Tender is the Night is a biographical novel based on Fitzgerald’s experiences on the Riviera in southern France, where the majority of the novel is set. The Fitzgerald’s were staying with Gerald and Sara Murphy, the graceful and elegant couple who were the inspiration behind Dick and Nicole Diver, along with other notable people including Picasso. The novel had mixed reviews after it was published in 1933. After the onset of the Great Depression in 1929, Americans were less interested with reading about the gay lives of the rich and famous on the Riviera.
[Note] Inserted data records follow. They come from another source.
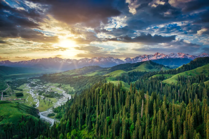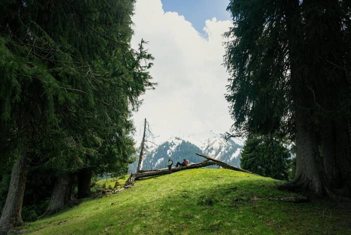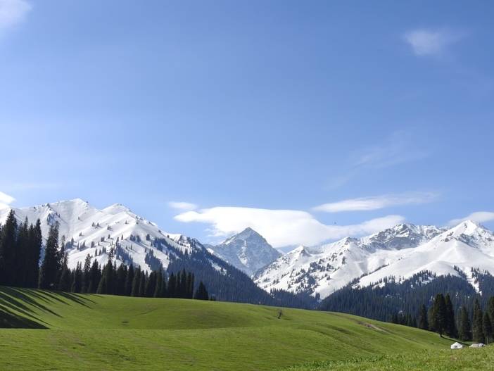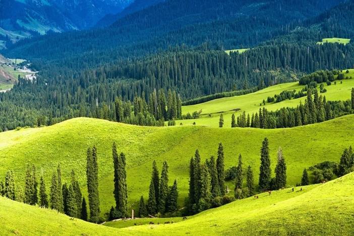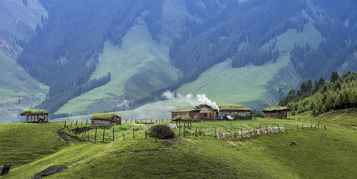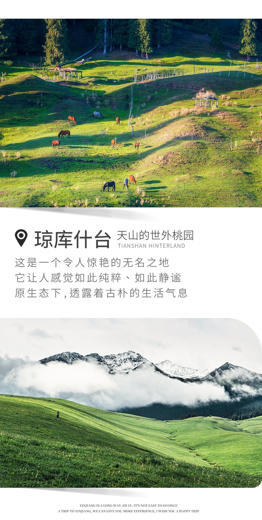 今早可以适当睡个懒觉,吃完早餐后乘车前往琼库什台,进入琼库什台的路上,其实就是在人体草原穿行,一路盘山而行,沿路可以看到草原,雪山,松林。村内居民以哈萨克族为主。村庄四面环山,房屋依水而建。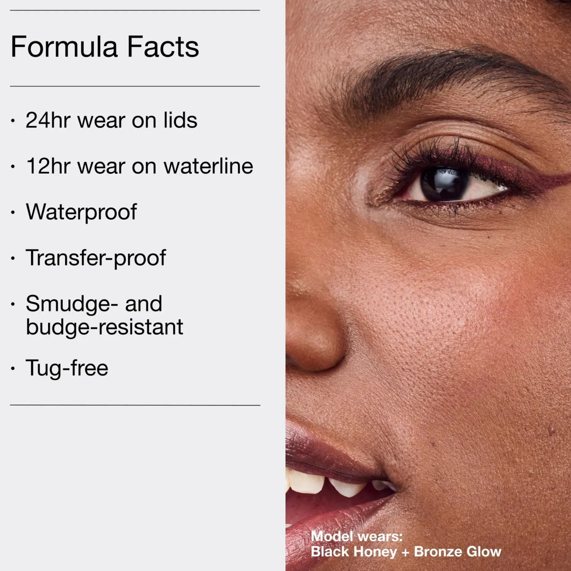 Saatavilla useassa sävyssä, jotka vaihtelevat jokapäiväisistä perusväreistä elinvoimaisiin metallisävyihin. Sisältää kolme neutraalia sävyä, jotka kirkastavat silmämeikkiäsi: Bright White, Beaming Beige ja Bronze Glow.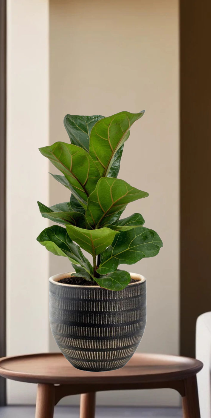 Ficus Lyrata - Ø12cm - ↕30cm + Beau Pot Zwart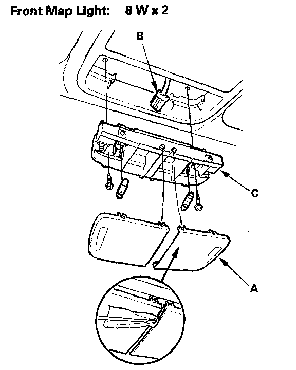 1. Carefully pry off the lens (A) with a small screwdriver.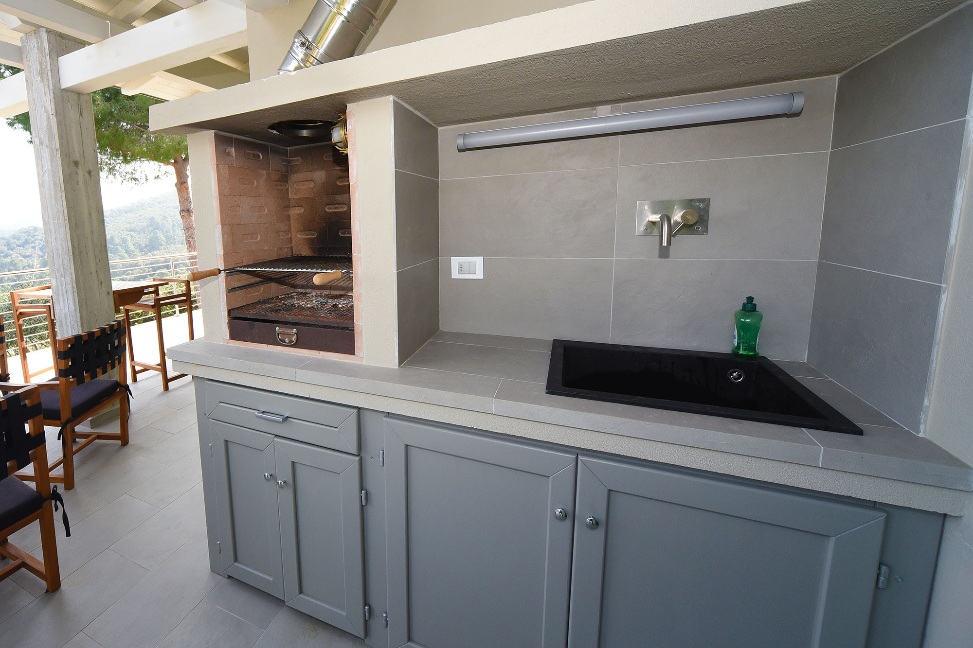 Il punto di forza della Villa è la sua grande terrazza vista mare. Da una parte c’è un angolo salotto con divani e poltrone e dall’altra un tavolo con sedie, un barbecue e lavello esterno per cenare fuori e godersi il panorama.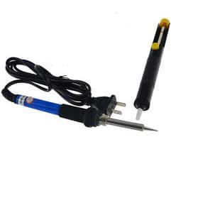 This quality soldering iron with sucker will quickly become your favorite. It features a ceramic heating element, sleeved tip and rubber grip. It's affordable, built tough, powerful, and made for lead-free solder. You'll find it in countless maker spaces, classrooms and home workshops.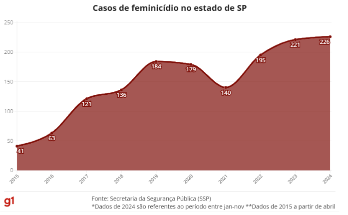 De fato, enquanto o governador é só elogios a Derrite, São Paulo bate recorde em feminicídios como aponta o manifesto. De acordo com levantamento do G1, com base em dados da Secretaria de Segurança Pública de São Paulo, há um aumento expressivo dos casos nos últimos três anos: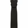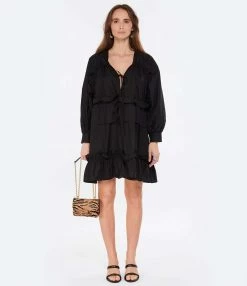 Robe courte en coton noir. Volants et plissée au niveau des épaules, de la taille et au bas de la jupe. Col en V avec cordons de serrage sur plusieurs niveaux. Manches longues avec boutons de fermeture aux poignets. Coupe droite. Base droite.

I really loved the form of this novel. It began with Rosemary’s point of view; she was like a child, interested in everyone, with an immature and naive outlook on other people. During Book I, the narrative switches to Nicole’s point of view, only for half a chapter. Nicole demonstrates a more ‘grown-up’ approach in comparison to Rosemary, and their two narratives together expose their difference as characters. When the narrative changes again to Rosemary’s perspective, the narrator literally exclaims: “to resume Rosemary’s point of view…” By the end of Book I, I found myself not focusing on what was being said, and becoming a bit bored. However, Book II changed everything for me. It goes back to when Dick and Nicole met. Dick is away at war and, having met once, Nicole declares she should have a pen-friend who she can write to when she feels the need and the novel changes to epistolary form. I absolutely loved Chapter 10, Book II, as it’s from Nicole’s point of view and whizzes through her entire relationship with Dick, from when they got married to when they first saw Rosemary on the beach. I really loved the way Fitzgerald did this; Book I demonstrates Rosemary’s first impression of Dick and Nicole whereas Book II demonstrates Dick and Nicole’s first impressions of Rosemary.
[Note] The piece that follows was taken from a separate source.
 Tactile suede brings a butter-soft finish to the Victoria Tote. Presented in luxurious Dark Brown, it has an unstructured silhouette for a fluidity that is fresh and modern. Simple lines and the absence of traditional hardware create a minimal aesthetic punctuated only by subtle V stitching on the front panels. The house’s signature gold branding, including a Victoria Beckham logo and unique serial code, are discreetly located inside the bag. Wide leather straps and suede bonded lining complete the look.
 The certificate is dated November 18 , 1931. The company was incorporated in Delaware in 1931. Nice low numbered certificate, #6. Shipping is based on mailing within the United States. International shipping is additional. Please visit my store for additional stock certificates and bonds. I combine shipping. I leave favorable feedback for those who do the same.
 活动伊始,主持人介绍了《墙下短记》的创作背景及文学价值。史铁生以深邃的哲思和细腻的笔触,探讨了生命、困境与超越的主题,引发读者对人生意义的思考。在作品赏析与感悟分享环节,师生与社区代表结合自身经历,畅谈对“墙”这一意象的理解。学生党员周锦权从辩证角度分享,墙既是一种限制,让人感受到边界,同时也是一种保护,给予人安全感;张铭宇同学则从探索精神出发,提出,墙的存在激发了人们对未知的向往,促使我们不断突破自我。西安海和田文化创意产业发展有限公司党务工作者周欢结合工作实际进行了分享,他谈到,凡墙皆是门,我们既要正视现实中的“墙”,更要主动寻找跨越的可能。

Nicole Diver, her brown back hanging from her pearls, was looking through a recipe book for chicken Maryland. She was about twenty-four, Rosemary guessed – her face could have been described in terms of conventional prettiness, but the effect was that it had been made first on the heroic scale, with strong structure and marking, as if the features and vividness of brow and coloring, everything we associate with temperament and character, had been molded with a Rodinesque intention, and then chiselled away in the direction of prettiness to a point where a single slip would have irreparably diminished its force and quality. With the mouth the sculptor had taken desperate chances – it was the cupid’s bow of a magazine cover, yet it shared the distinction with the rest.
I am among friends who like me. I am here on this tranquil beach with my husband and two children. Everything is alright – if I can finish translating this damn recipe for chicken a la Maryland into French. My toes feel warm in the sand.
“Yes, I’ll look. More new people – oh, that girl – yes. Who did you say she looked like…No, I haven’t, we don’t get much chance to see the new American pictures over here. Rosemary who? Well, we’re getting very fashionable for July – seems very peculiar to me. Yes, she’s lovely, but there can be too many people.”
Rosemary is clearly infatuated by Nicole’s beauty and her demeanor, however Nicole is very disinterested with Rosemary, despite the fact she is a celebrity.
I really loved this novel, especially the turns the plot takes towards the end.